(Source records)
= = = = = = =

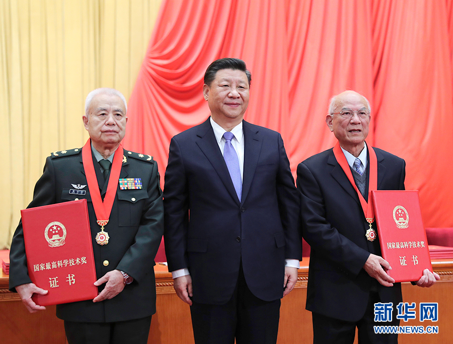 1月8日,2018年度國家科學技術獎勵大會在北京人民大會堂隆重舉行。這是中共中央總書記、國家主席、中央軍委主席習近平向獲得2018年度國家最高科學技術獎的哈爾濱工業大學劉永坦院士頒發獎章。 新華社記者 謝環馳 攝
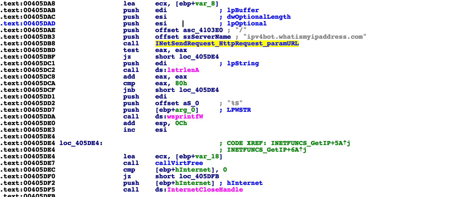 在这部分代码中,恶意软件首先向ipv4bot.whatismyipaddress.com发起GET请求,查询本机的IP地址,然后将其添加到系统信息中,通过GET请求发给服务器。
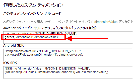 続いて図2のようにこのカスタム ディメンションに対応したトラッキングコードが表示されるので、普通のWebサイトの計測であれば、一番上の「JavaScript(ユニバーサル アナリティクスのプロパティでのみ有効)」の欄に表示されているスクリプト(図2赤枠部分)を利用する。
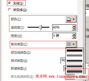 4、已经选用了“实线”,单击“颜色”右边的油漆桶选择“深红色”;把“透明度”设置为 60%;“宽度”保持之前设置的 3 磅;单击“复合类型”右边的下拉列表框,选择“由细到粗”,如图4所示:
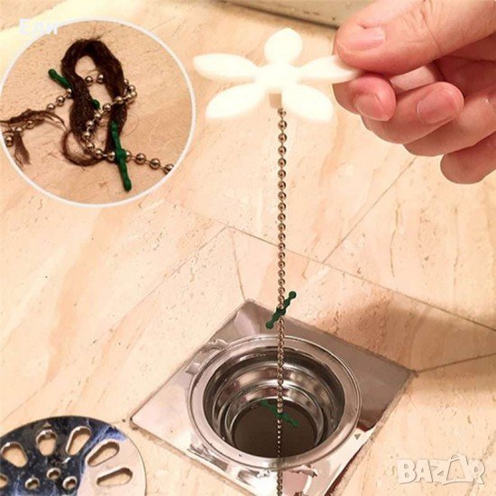 Поставена върху сифона, верижката ще го предпазва натрупването на косми и замърсявания.
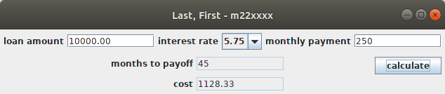 The idea here is that "loan amount", "rate" and "monthly payment" are inputs. The user enters or chooses values for them, then presses the calculate button, which causes the program to calculate values for "months to payoff" and "cost" and display them in the GUI.
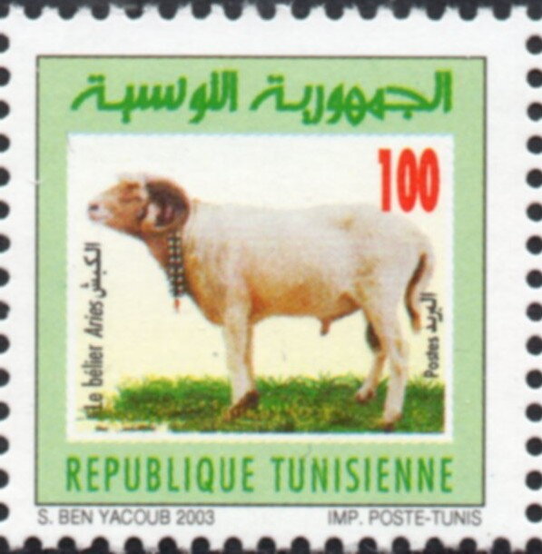 Ce timbre met en avant le bélier (Aries), figure centrale de l'élevage pastoral et symbole de vigueur dans les zones rurales de Tunisie. L'illustration d'un spécimen robuste souligne l'importance économique de l'ovin pour l'agriculture nationale et son rôle sacré lors des célébrations rituelles et familiales, telles que l'Aïd al-Adha. Ce visuel témoigne de l'attachement du pays à ses traditions agropastorales et à la préservation de ses races locales, qui constituent un pilier de la sécurité alimentaire et de l'identité culturelle des campagnes tunisiennes.
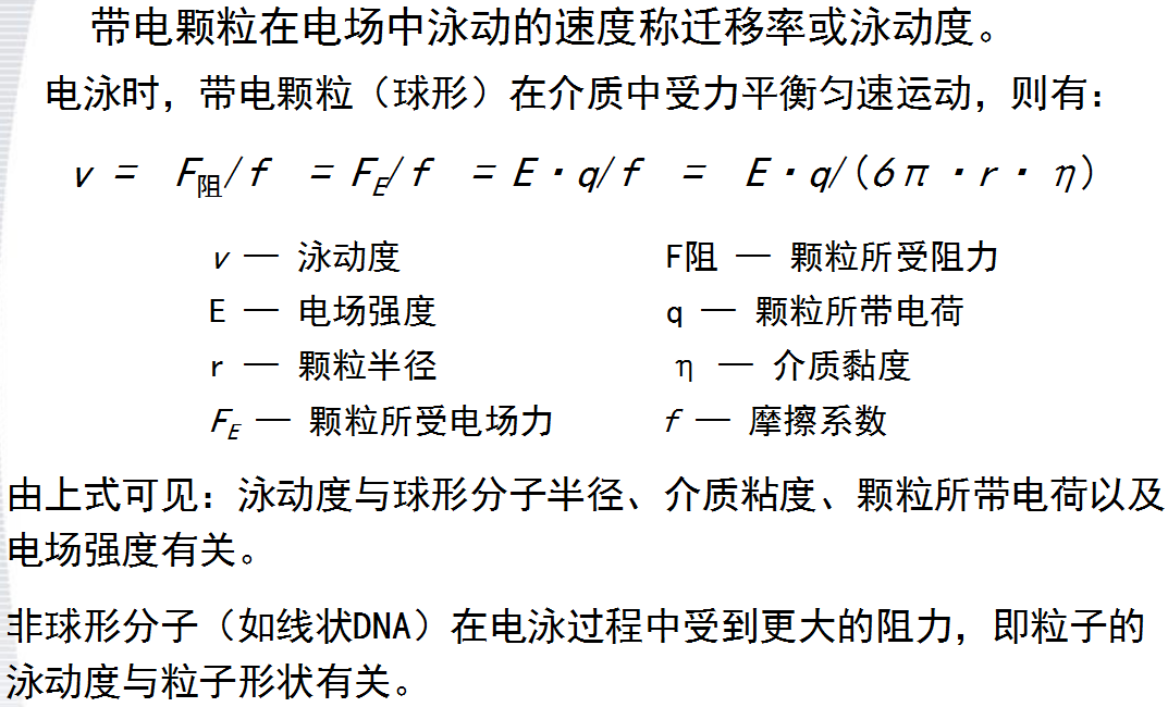 顆粒直徑、形狀以及所帶靜電荷量對泳動(dòng)度有較大的影響。一般來說,顆粒的靜電荷量越大,或其直徑越小,或其形狀越接近球形,在電場中的泳動(dòng)速度就越快。反之,則越慢
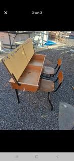 Dubbele schoolbank. Goede staat. Enkel wat stickers aan de binnenzijde maar kan verwijderd worden enkel ophalen in kampenhout
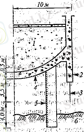 4. 10- сурет. КОНДИП платформасының тірек базасының іргетас топырағымен түйісу детальдары: 1- құмды балласт; 2- темірбетонды қабырға; 3- металл пышақтар (қабырға) ; 4- тірек ұяшықтың күмбезі; 5- цилиндрлік элементтер; 6- түп топырағы
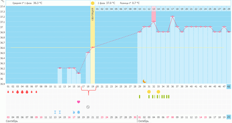 Анализы, инфекцииУ меня овуляция позже, чем на 14 ДЦ, обычно. В беременный цикл график БТ вела чёрти как, особо то не планировали. В итоге вариант овуляции - аж 3 дня:17,18, 19 ДЦ.
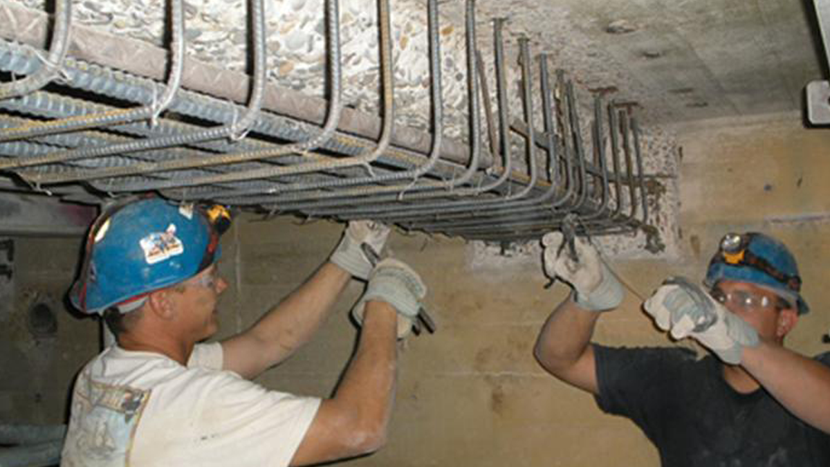 Within the steam tunnel, it was discovered that the original structural beams that were supporting the slab had never been maintained. They had severely deteriorated to the point that they would not be able to carry the new loads. In many areas, the steel rebar was fully exposed or completely deteriorated. Not only would these involved members require repair, they would also have to be strengthened to meet current design codes. The strengthening plan employed an enlargement technique bonding a reinforced concrete jacket to each existing beam.
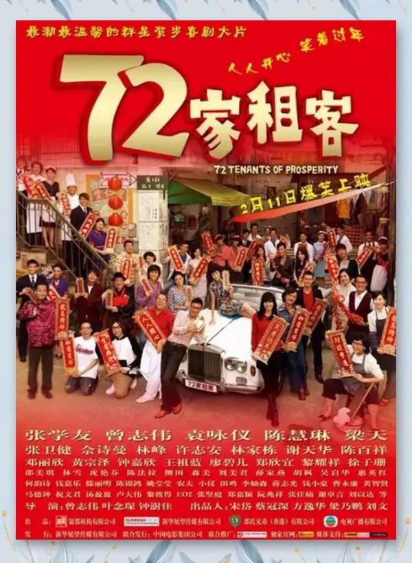 《72家租客》是2010年的贺岁电影,由 邵氏与TVB联合出品,汇集了众多明星。据统计,该片共有170多位明星参演。观众们可以在电影中见到袁咏仪、张学友、曾志伟、林家栋等知名演员,同时还有黄宗泽、胡杏儿、钟嘉欣、王祖蓝等新生代演员的加盟,喜剧效果依旧十分出色。
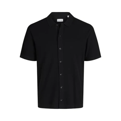 JACK & JONES Men's Jjeemil Knit Structure Shirt Ss Sn Short Sleeved, Black, L
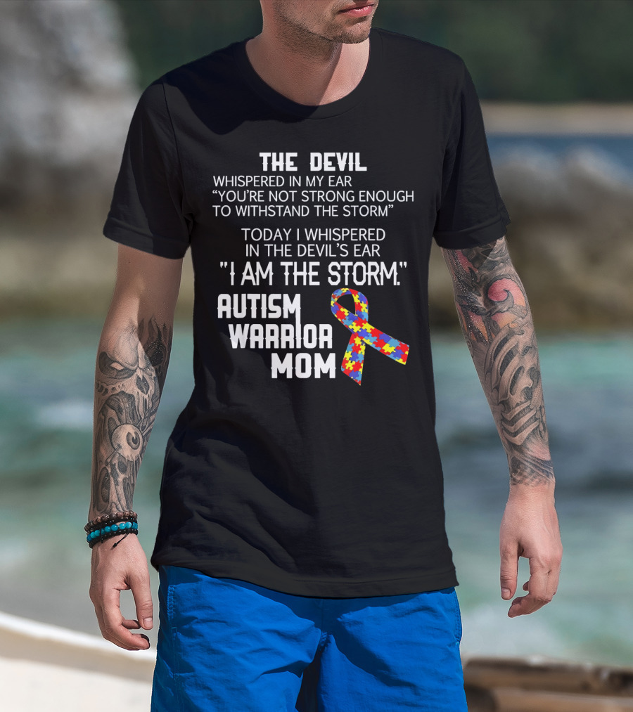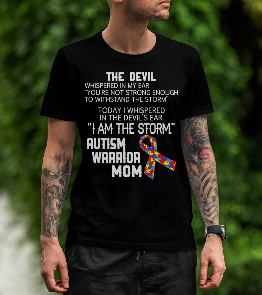 The Devil Whispered You're Not Strong Enough Autism Warrior Mom Puzzle T-Shirt
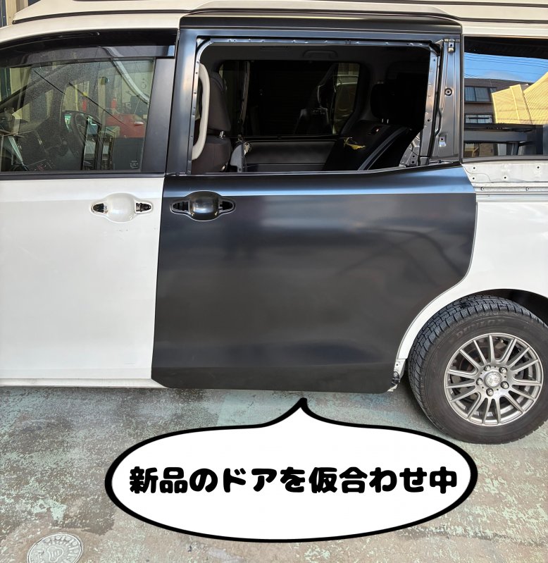 スライドドアはへこみが大きいため新品パーツに交換させていただきます。
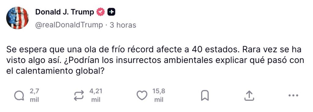 “Se espera que una ola de frío récord afecte a 40 estados. Rara vez se ha visto algo parecido. ¿Podrían los ‘insurrectos ambientales’ explicar QUÉ PASÓ CON EL CALENTAMIENTO GLOBAL?”, escribió.
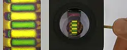 Bei der photoelektrischen Abtastung unterscheidet man zwischen dem abbildenden Messprinzip, das für Teilungsperioden bis hinunter zu 2 µm geeignet ist, und dem interferentiellen Messprinzip, das sub-µm Teilungsperioden ermöglicht.[2]
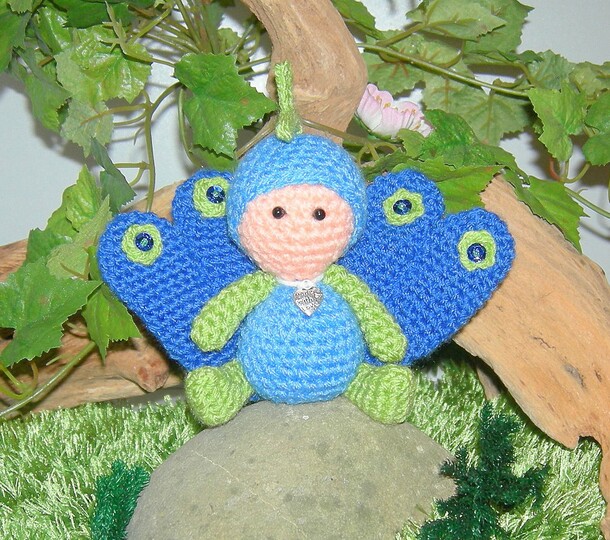 Pummelchen als Pfau wird, bei Verwendung von Schachenmayr Bravo und Nadelstärke 2, ca. 10 cm groß.

= = = = = = =

When you reach the line containing "Анализы, инфекцииУ меня" in the entries above, begin restating word for word, and stop once the line containing "Bei der photoelektrischen" has been given. Omit the pictures.

**RESULT FOR THIS TASK**
 Анализы, инфекцииУ меня овуляция позже, чем на 14 ДЦ, обычно. В беременный цикл график БТ вела чёрти как, особо то не планировали. В итоге вариант овуляции - аж 3 дня:17,18, 19 ДЦ.
 Within the steam tunnel, it was discovered that the original structural beams that were supporting the slab had never been maintained. They had severely deteriorated to the point that they would not be able to carry the new loads. In many areas, the steel rebar was fully exposed or completely deteriorated. Not only would these involved members require repair, they would also have to be strengthened to meet current design codes. The strengthening plan employed an enlargement technique bonding a reinforced concrete jacket to each existing beam.
 《72家租客》是2010年的贺岁电影,由 邵氏与TVB联合出品,汇集了众多明星。据统计,该片共有170多位明星参演。观众们可以在电影中见到袁咏仪、张学友、曾志伟、林家栋等知名演员,同时还有黄宗泽、胡杏儿、钟嘉欣、王祖蓝等新生代演员的加盟,喜剧效果依旧十分出色。
 JACK & JONES Men's Jjeemil Knit Structure Shirt Ss Sn Short Sleeved, Black, L
 The Devil Whispered You're Not Strong Enough Autism Warrior Mom Puzzle T-Shirt
 スライドドアはへこみが大きいため新品パーツに交換させていただきます。
 “Se espera que una ola de frío récord afecte a 40 estados. Rara vez se ha visto algo parecido. ¿Podrían los ‘insurrectos ambientales’ explicar QUÉ PASÓ CON EL CALENTAMIENTO GLOBAL?”, escribió.
 Bei der photoelektrischen Abtastung unterscheidet man zwischen dem abbildenden Messprinzip, das für Teilungsperioden bis hinunter zu 2 µm geeignet ist, und dem interferentiellen Messprinzip, das sub-µm Teilungsperioden ermöglicht.[2]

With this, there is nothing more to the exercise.